▸ WHAT NEEDS TO BE DONE
Dropping every picture, set down exactly the lines in the entries below, starting with the line with "Karl Lagerfeld baleriny" and going on through the line with "Fonte de alimentação".

○ ○ ○ ○ ○ ○ ○

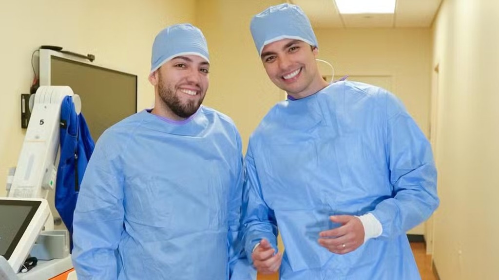 Mia, é fruto de uma barriga solidária, nos Estados Unidos. O casal está no país para acompanhar o parto e apareceu usando toucas e roupas hospitalares antes de entrar na sala cirúrgica.
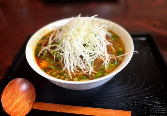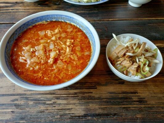 勝浦市小羽戸にある「あざみ」は、辛さを3段階(なみ辛・激辛・地獄)から選べるユニークなお店です。こちらの特徴は、勝浦タンタンメンでは珍しい味噌ベースのメニューも提供していること。醤油ベースの勝浦タンタンメンとはまた違った味わいが楽しめます。月曜・水曜・木曜・金曜限定のランチセットでは、タンタン麺にミニねぎチャーシュー丼がセットになってお得に楽しめます。たっぷりの玉ねぎのおかげで、激辛を選んでも意外とマイルドに感じられるのが「あざみ」の魅力。初めて勝浦タンタンメンに挑戦する方にもおすすめの一店です。
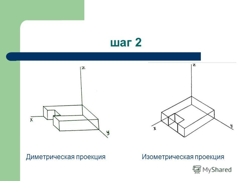 шаг 2 Диметрическая проекция Изометрическая проекция
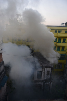 পুলিশ জানায়, কিছু ক্ষণের মধ্যে দমকলের তিনটি ইঞ্জিন ঘটনাস্থলে পৌঁছয়। দমকলের কর্মীরা চার তলায় উঠে দেখেন ধোঁয়া বার হচ্ছে চার তলার ডান দিকের একটি অংশ থেকে। স্থানীয় কয়েকজন দোকান মালিক পুলিশকে জানান, যে ঘর থেকে ধোঁয়া বার হচ্ছে সেটি বেসরকারি একটি সংস্থার যন্ত্রাংশ রাখার গুদাম। গুদামের দরজা ভেঙে সেখানে জল ঢালতে শুরু করেন দমকলের কর্মীরা। সিইএসসি-র লোকজন তার আগেই অবশ্য ওই বাড়ির বিদ্যুৎ সংযোগ কেটে দেন।
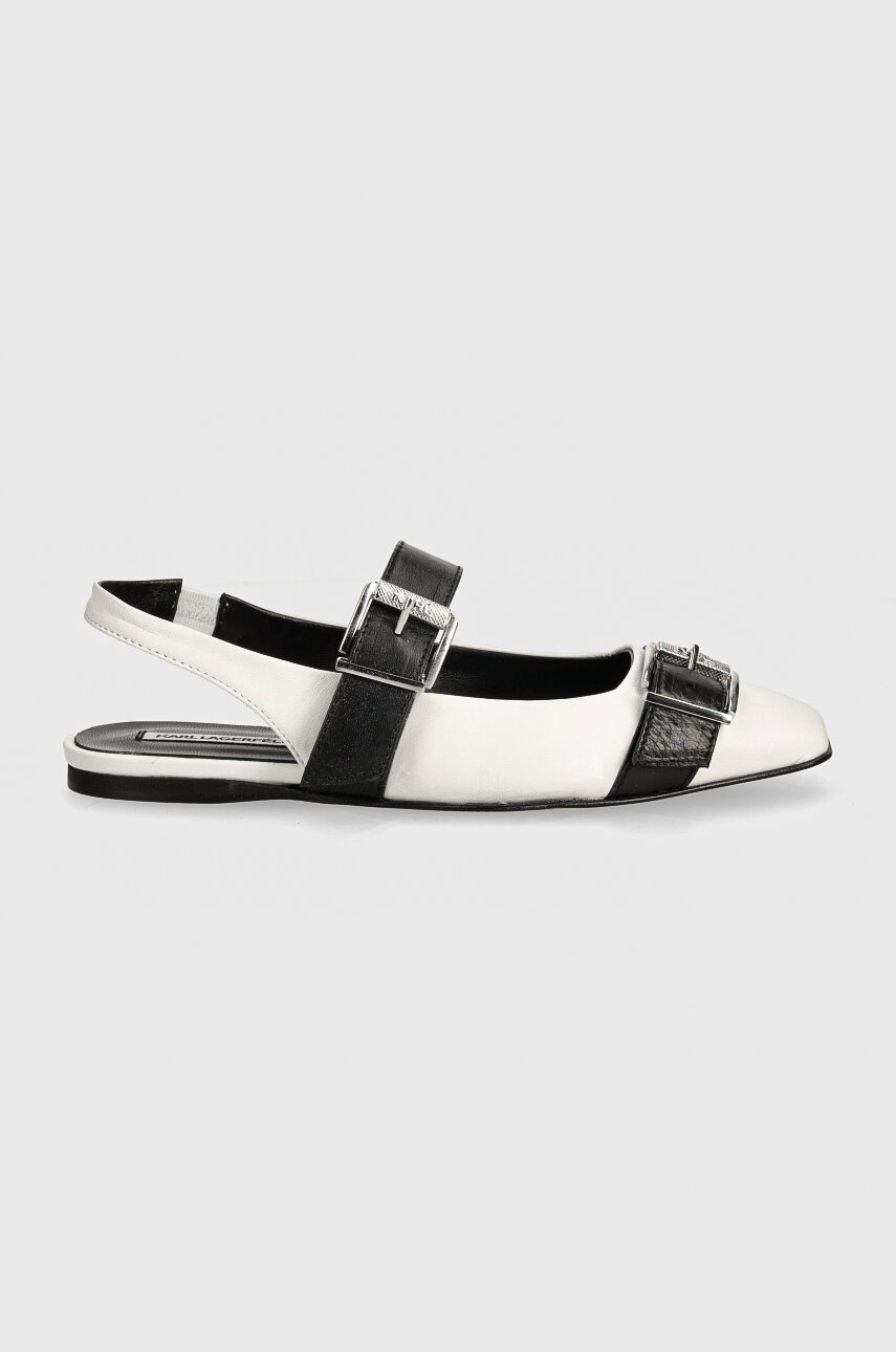 Karl Lagerfeld baleriny skórzane KONNIE kolor biały z odkrytą piętą KL40186
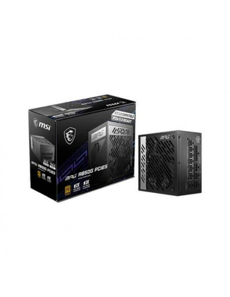 Fonte de alimentação MSI MPG A850G PCIE5 com 850W de potência, certificação 80 PLUS Gold para alta eficiência energética, design totalmente modular para maior flexibilidade na gestão de cabos, e compatibilidade com placas-mãe ATX. Inclui conectores PCI-E 5.0 e vários conectores SATA.
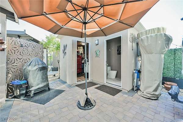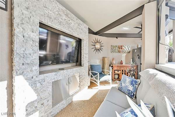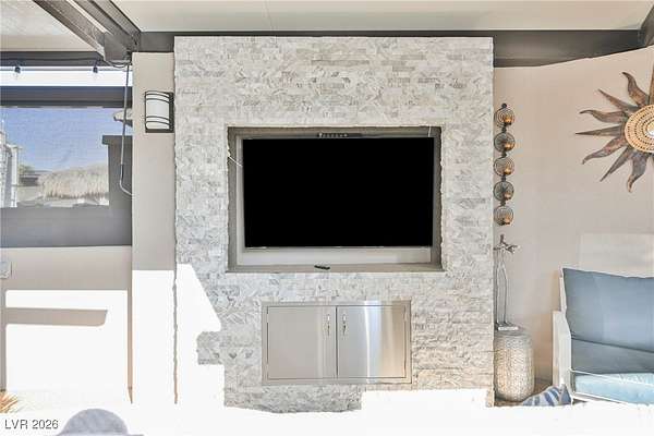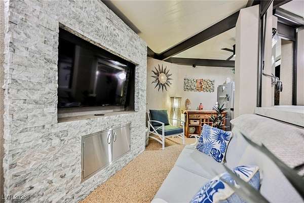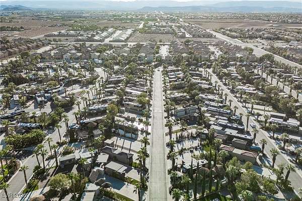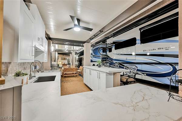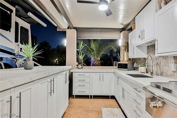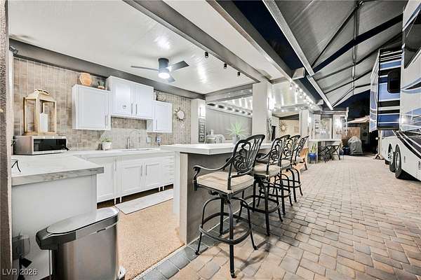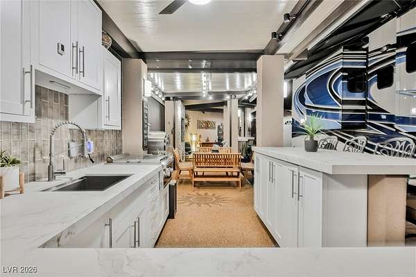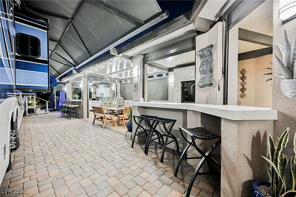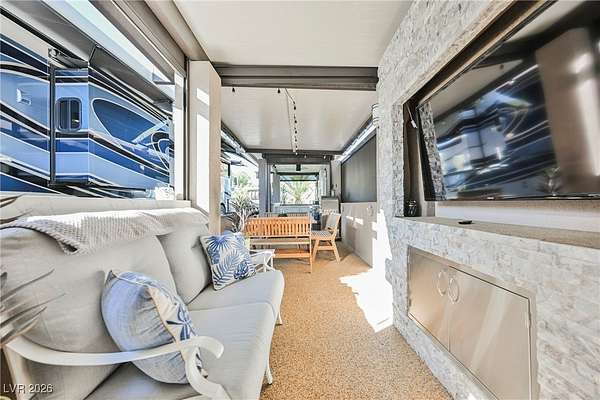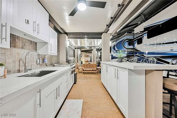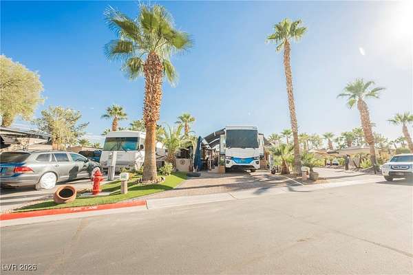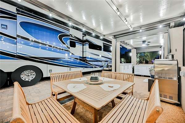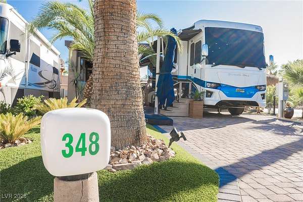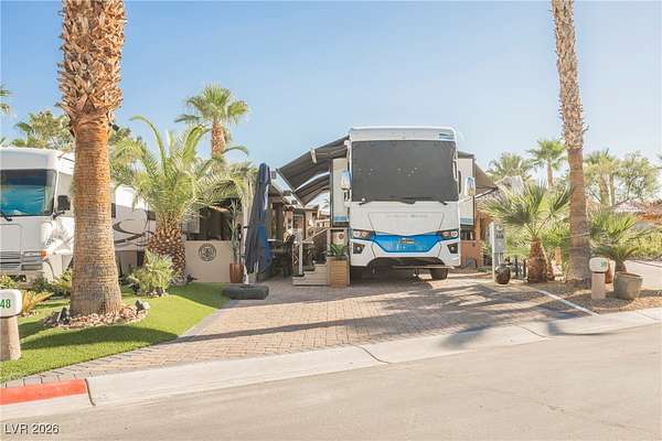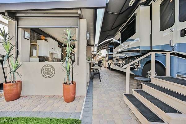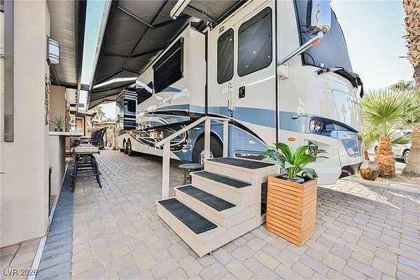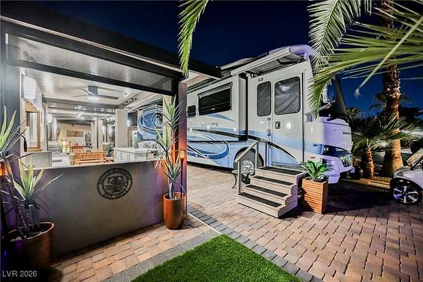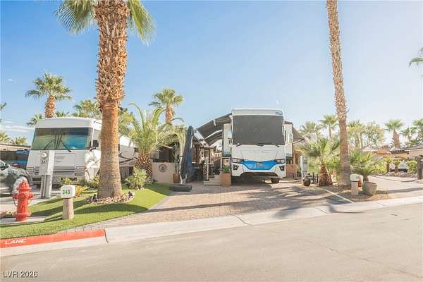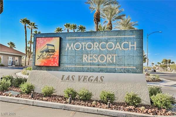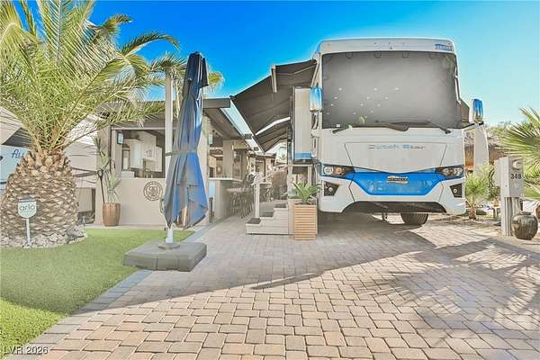Located in the 24 hour Guard Gated Las Vegas Motorcoach Resort, a Class A only facility. This private & highly sought after north facing lot boasts a Custom modern 2022 build out with a complete hard covered kitchen, living room and dining area! Also a separate building which houses a private bathroom & large storage area with full size washer and dryer. The kitchen consists of Challenger custom white cabinetry, Dekton countertops, Blaze 30"griddle and standalone Pizza/bakery oven. Living room with enclosed TV, 2nd bar also with Dekton counter and a full size refrigerator. Includes solar shades, fans, pebble stone floors in living areas and pavers on the RV Pad. LVMR Amenities include 5 pools, 6 spas, 4 laundry facilities, showers, Fitness Center and Clubhouse with owners lounge, bar ballroom, card room, theater, room pickleball, courts, putting green and much, much more!! Minutes from the famous Las Vegas strip! And conveniently located near shopping & restaurants. A MUST SEE!

○ ○ ○ ○ ○ ○ ○

▸ SOLUTION TO THIS PROBLEM
 Karl Lagerfeld baleriny skórzane KONNIE kolor biały z odkrytą piętą KL40186
 Fonte de alimentação MSI MPG A850G PCIE5 com 850W de potência, certificação 80 PLUS Gold para alta eficiência energética, design totalmente modular para maior flexibilidade na gestão de cabos, e compatibilidade com placas-mãe ATX. Inclui conectores PCI-E 5.0 e vários conectores SATA.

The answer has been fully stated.